[clamav-users] unexplainable tar behaviour

Micah Snyder (micasnyd) micasnyd at cisco.com
Thu Oct 31 12:57:13 EDT 2019

Yessir, it does indeed scan the raw file and if nothing is found (or you're running in allmatch mode) it will decompress the archive and scan the files within.  ClamAV has a default archive recursion depth of 16, so it will go pretty deep.  

I don’t think it's been explicitly stated yet, tar files are not compressed, and are just a bundle of files in one file.  A compressed tarball ( tar.gz or targ.bz ) is less likely to have the issue described by Steffen where a signature matches various parts of different files within an archive. 

If you want to see how ClamAV extracts files or other buffers for scanning, try out clamscan's --leave-temps and --tempdir options.  I would also recommend trying the --gen-json option, if your ClamAV build was linked with libjson-c.  
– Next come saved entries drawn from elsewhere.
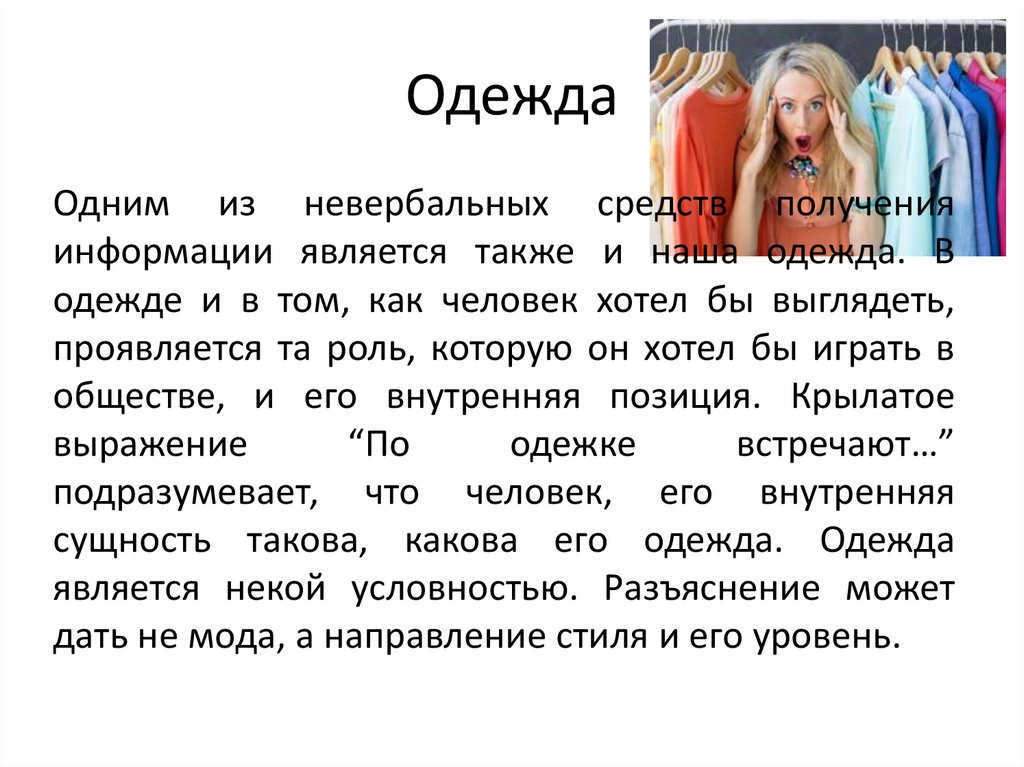 ОдеждаОдним из невербальных средств получения
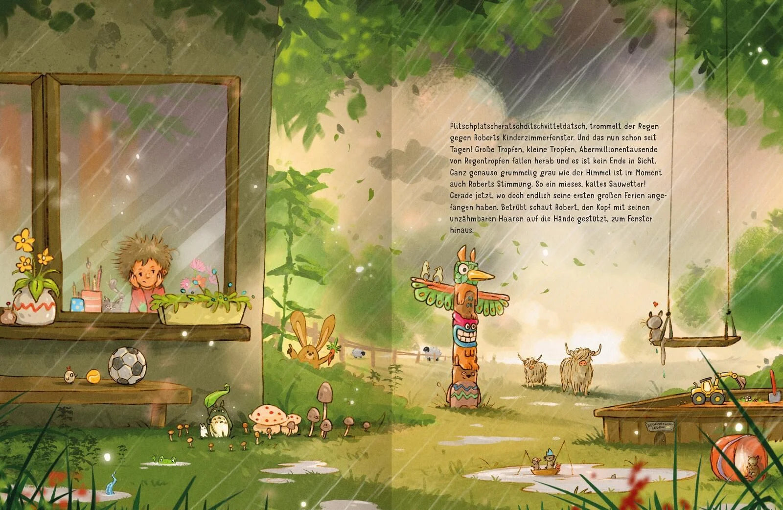 , trommelt der Regen gegen Roberts Kinderzimmerfenster. Und das nun schon seit Tagen! Ganz genauso grummelig grau wie der Himmel ist im Moment auch Roberts Stimmung. So ein mieses, kaltes Sauwetter! Gerade jetzt, wo doch endlich seine ersten großen Ferien angefangen haben.
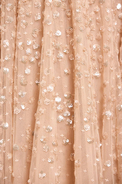 - Kisses tulle decorated with tonal sequins.
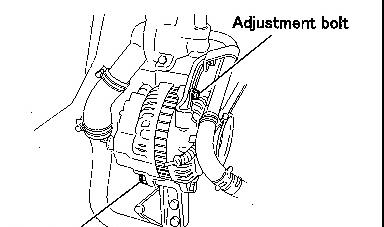 * Loosen the alternator mounting bolt, and adjust the tension of the belt by moving the alternator as required.
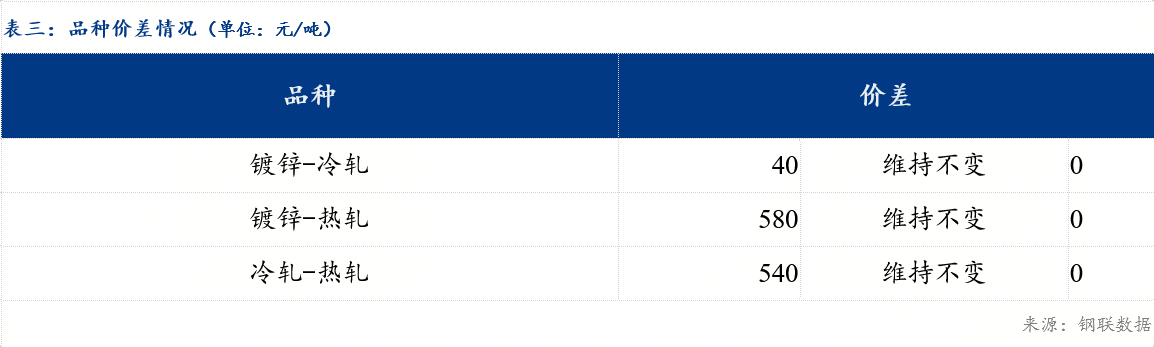 品种价差来看,现镀冷价差为40元/吨,较上一交易日维持不变;镀热价差为580元/吨,较上一交易日维持不变;冷热价差为540元/吨,较上一交易日维持不变。
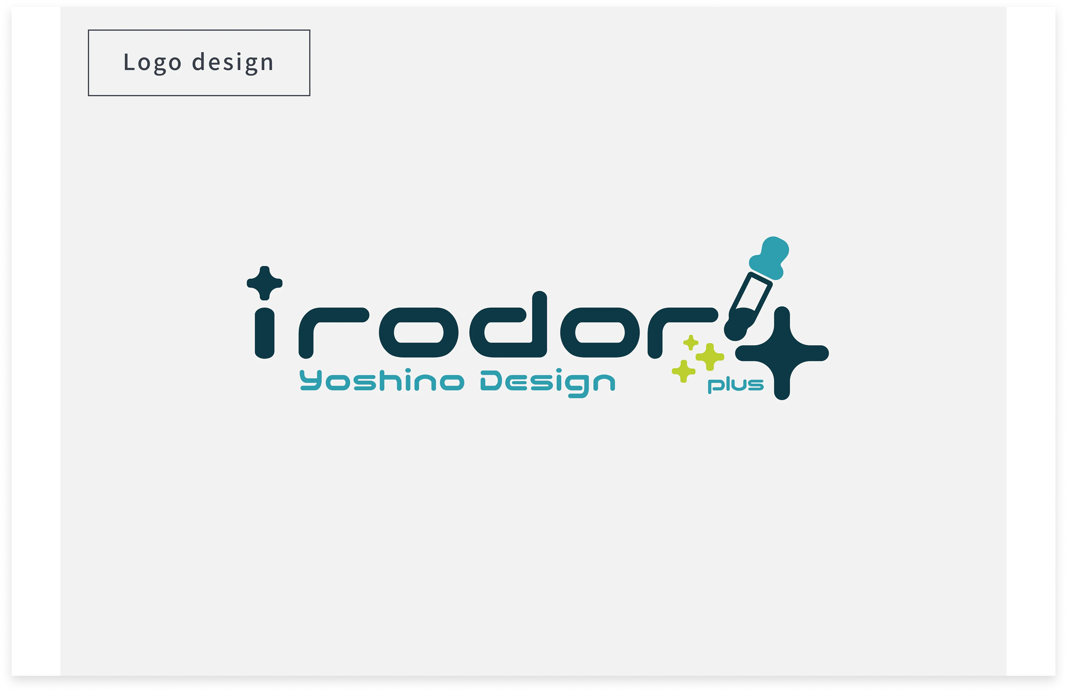 デザイナーとしてのコンセプト「irodori+ irodori plus」のロゴデザイン。

The --leave-temps option will force it to write extracted files and other buffers (like PDF streams) to disk, and --tempdir will direct it to a location of your choosing.  I will admit, it's a bit of a bear to analyze because the file names (including the JSON metadata file created by --gen-json) are randomly generated and there's only some limited structure.  We're working on making the output more readable / more valuable to analysts but for now it is a bit of work to interpret.   The output from clamscan's --debug option may also help. 


On 10/31/19, 10:46 AM, "clamav-users on behalf of J.R. via clamav-users"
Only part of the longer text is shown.